Even though the process is moving slower than they would like, qPCR researchers are optimistic that the community is moving toward a wider adoption of the MIQE guidelines. And that will represent an important turning point for qPCR. Instead of worrying about whether a study used the appropriate reference gene, Bustin says, researchers can focus on the biological and clinical details. “As long as you know the technical issues are taken care of,” he says, “it allows you to transform the debate to a much higher level.”

References
1.) Bustin, S.A.. 2009. The MIQE Guidelines: Minimum Information for Publication of Quantitative Real-Time PCR Experiments. Clinical Chemistry 55:611-622.

2.) Bustin, S.A.. 2011. Primer Sequence Disclosure: A Clarification of the MIQE Guidelines. Clinical Chemistry 57:919-921.

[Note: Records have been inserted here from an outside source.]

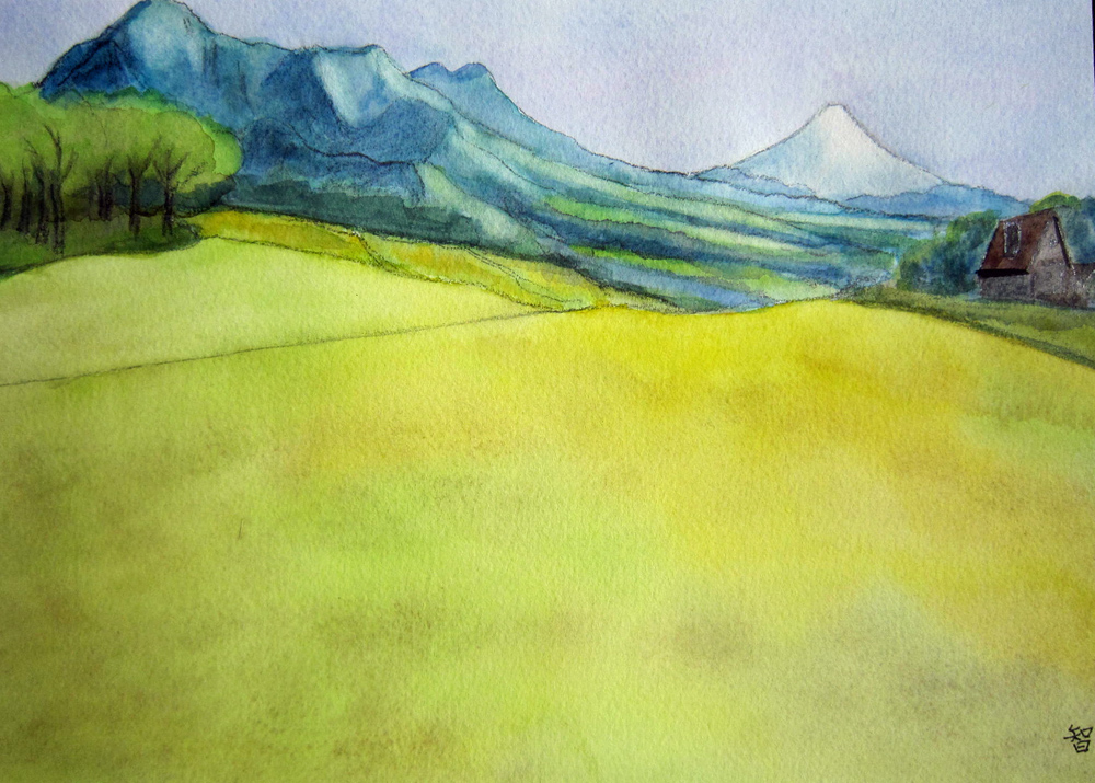 作品5 八ヶ岳南麓からの風景5 [制作2011年2月] 春爛漫、富士山遠望 (左の山は、茅ヶ岳(カヤガタケ)) |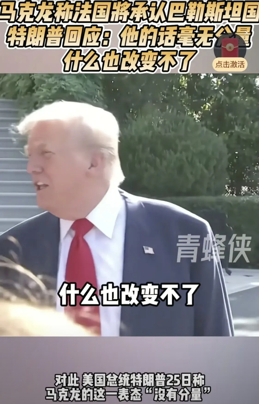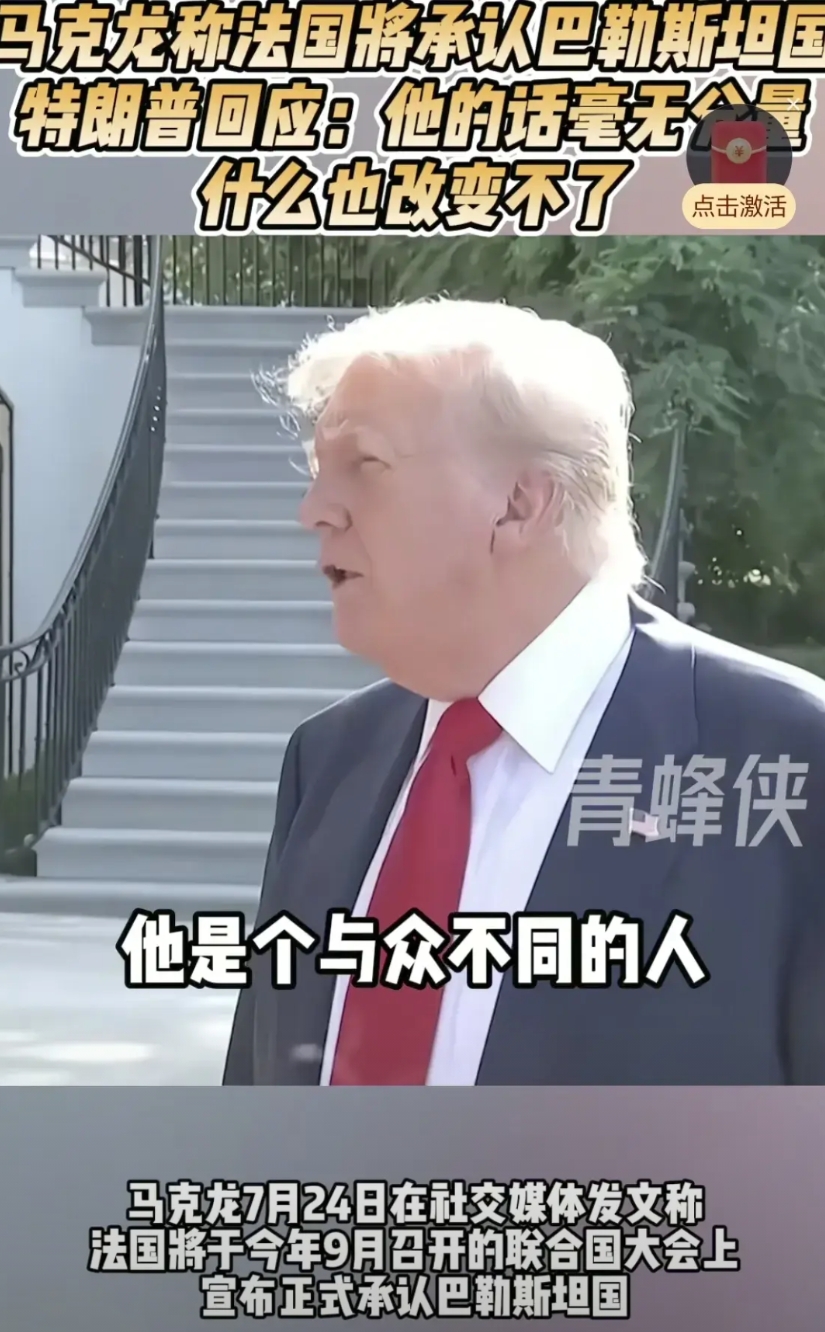 英法德联合声明:我们坚决反对以色列主权强加于巴勒斯坦被占领土。 马克龙:法国承认巴勒斯坦国家。 特朗普:马克龙是一个与众不同的人。但有个好消息,他说什么不重要,他什么改变不了,没有什么分量。他是个好人,我喜欢他。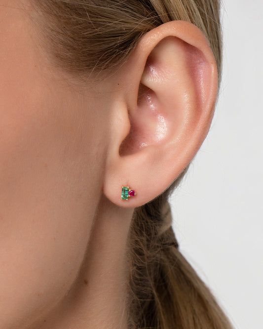 Brinco Baguete Petit em Ouro 18K com Rubi e Esmeralda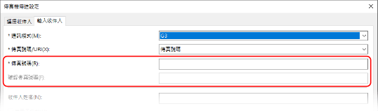 在 [輸入收件人] 索引標籤上,輸入傳真號碼。如果可以輸入 [確認傳真號碼],請輸入相同的傳真號碼。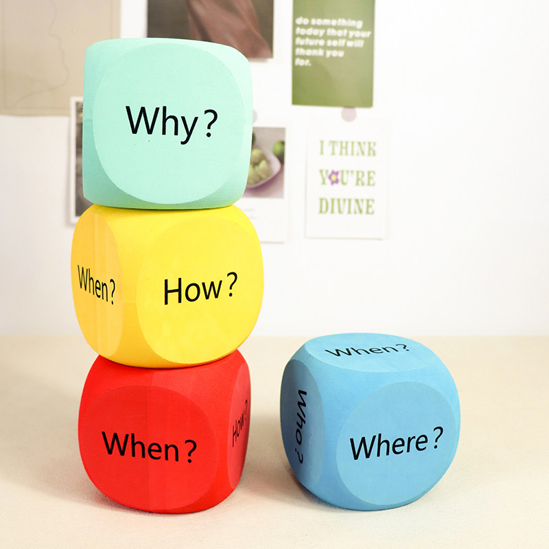 问题骰子课堂教具学英语疑问词儿童互动掷色子玩具幼儿园启蒙早教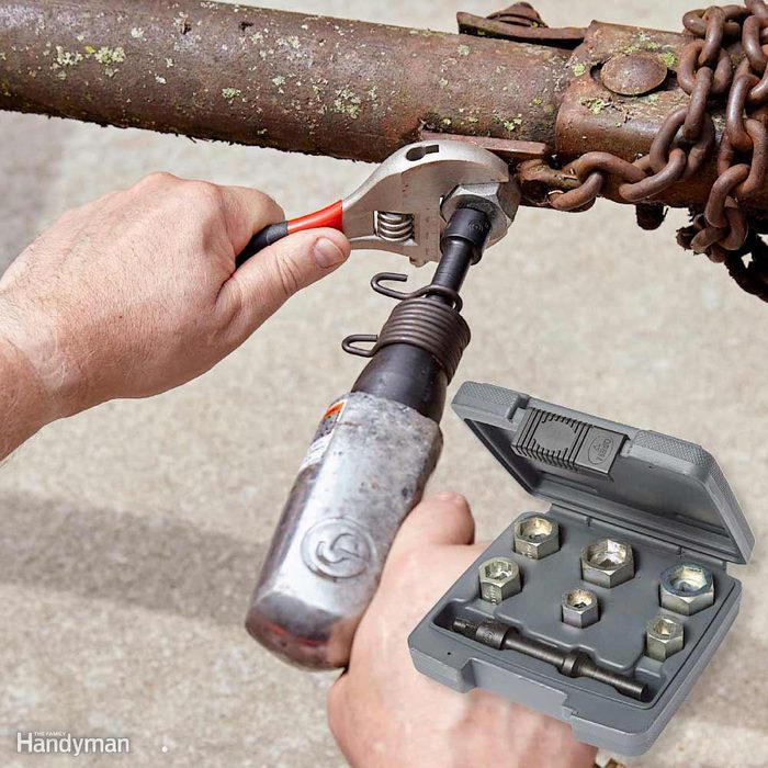 This tool and a can of rust penetrant are the secret to removing stubborn rusty seized bolts. Load the driver tool into your air hammer and slide on a socket and wrench. When you hit the trigger, the driver applies the impacts to the center of the bolt head, demolishing the rusty buildup. Turn the wrench and socket during the impacts and you'll loosen the bolt or nut in no time.

3.) Jacob, F. 2013. Careful Selection of Reference Genes Is Required for Reliable Performance of RT-qPCR in Human Normal and Cancer Cell Lines. PLOS ONE 8:e59180.

4.) Huggett, JF. 2013. The digital MIQE guidelines: Minimum Information for Publication of Quantitative Digital PCR Experiments. Clin Chem 59:892-902.

5.) Taly, V. 2013. Multiplex Picodroplet Digital PCR to Detect KRAS Mutations in Circulating DNA from the Plasma of Colorectal Cancer Patients. Clinical Chemistry 59:11.